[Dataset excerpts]
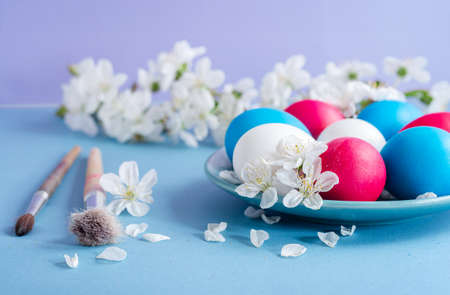 Colored eggs on a blue background and a sprig of willow, the concept of the Easter holiday. Template for postcards and congratulations.
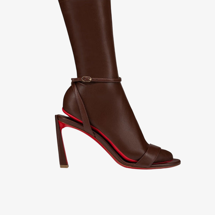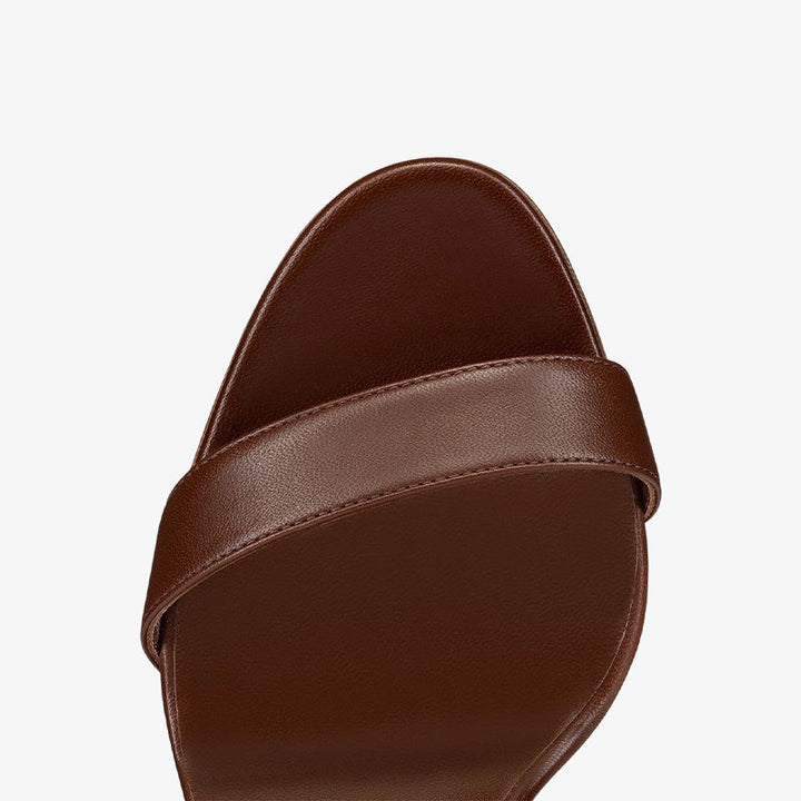 These sandals have a sleek silhouette with a flared heel and slim straps that create a modern optical illusion. A versatile piece for any wardrobe, they look chic worn alone or styled with colorful socks. Crafted from rich brown-red cowhide.
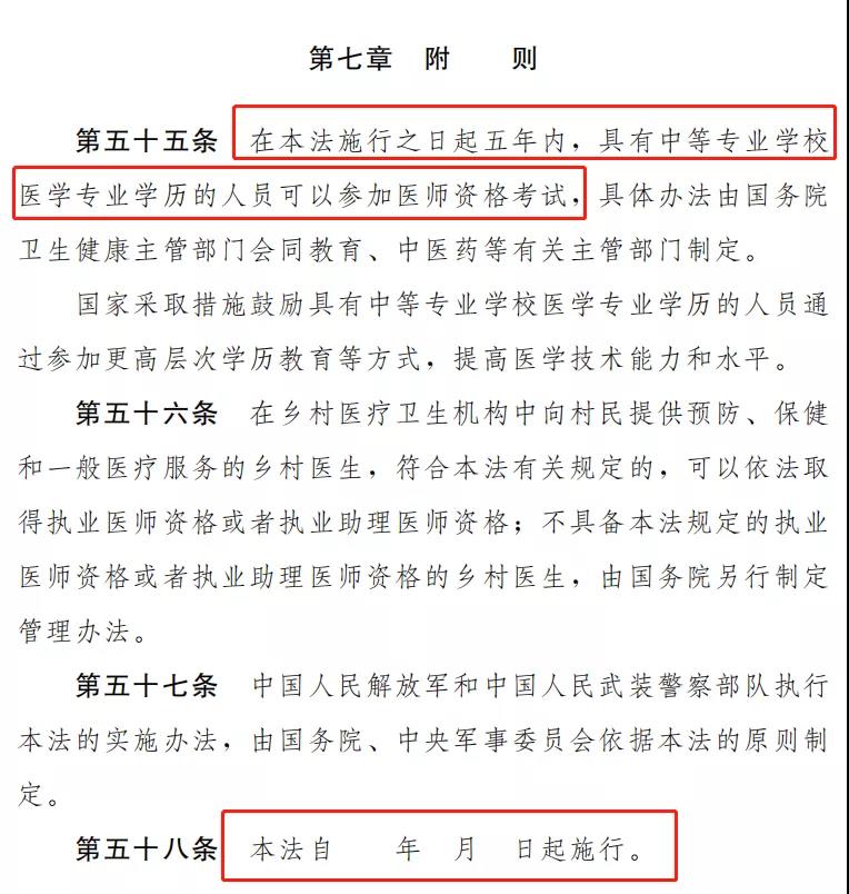 五年过渡期。新的医师法一经实施后,中专学历就完全不能报考了吗?中专学历怎么办?
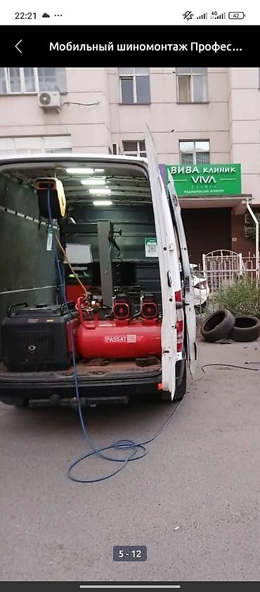 - Рабочий фургон с оборудованием (компрессор PASSAT 100 и шиномонтажный стенд).
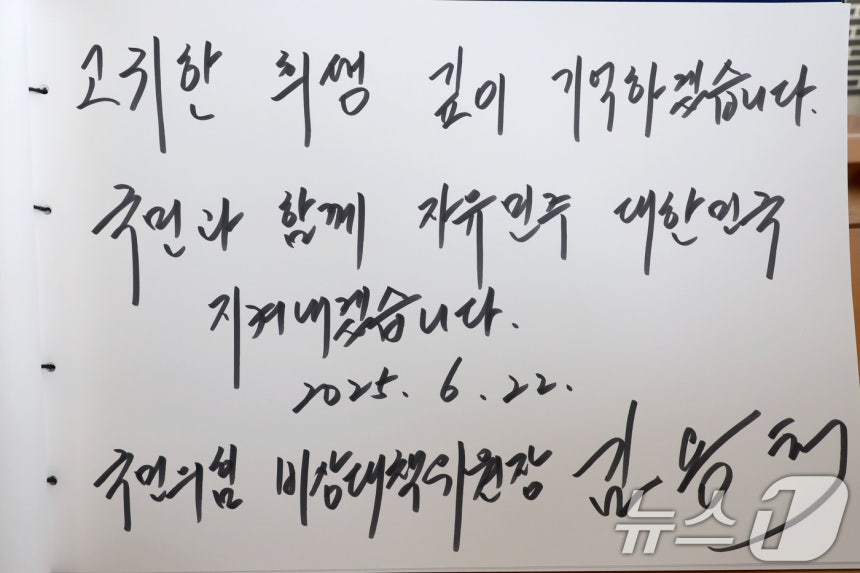 (서울=뉴스1) 이광호 기자 = 김용태 국민의힘 비상대책위원장이 22일 오전 서울 동작구 국립서울현충원을 찾아 현충탑 참배를 마친뒤 '고귀한 희생 깊이 기억하겠습니다. 국민과 함께 자유민주 대한민국 지켜내겠습니다'라고 방명록을 작성했다. 2025.6.22/뉴스1

## Description of the task
You are asked to output the records precisely as they appear, minus any pictures.

## Answer area
 Colored eggs on a blue background and a sprig of willow, the concept of the Easter holiday. Template for postcards and congratulations.
 These sandals have a sleek silhouette with a flared heel and slim straps that create a modern optical illusion. A versatile piece for any wardrobe, they look chic worn alone or styled with colorful socks. Crafted from rich brown-red cowhide.
 五年过渡期。新的医师法一经实施后,中专学历就完全不能报考了吗?中专学历怎么办?
 - Рабочий фургон с оборудованием (компрессор PASSAT 100 и шиномонтажный стенд).
 (서울=뉴스1) 이광호 기자 = 김용태 국민의힘 비상대책위원장이 22일 오전 서울 동작구 국립서울현충원을 찾아 현충탑 참배를 마친뒤 '고귀한 희생 깊이 기억하겠습니다. 국민과 함께 자유민주 대한민국 지켜내겠습니다'라고 방명록을 작성했다. 2025.6.22/뉴스1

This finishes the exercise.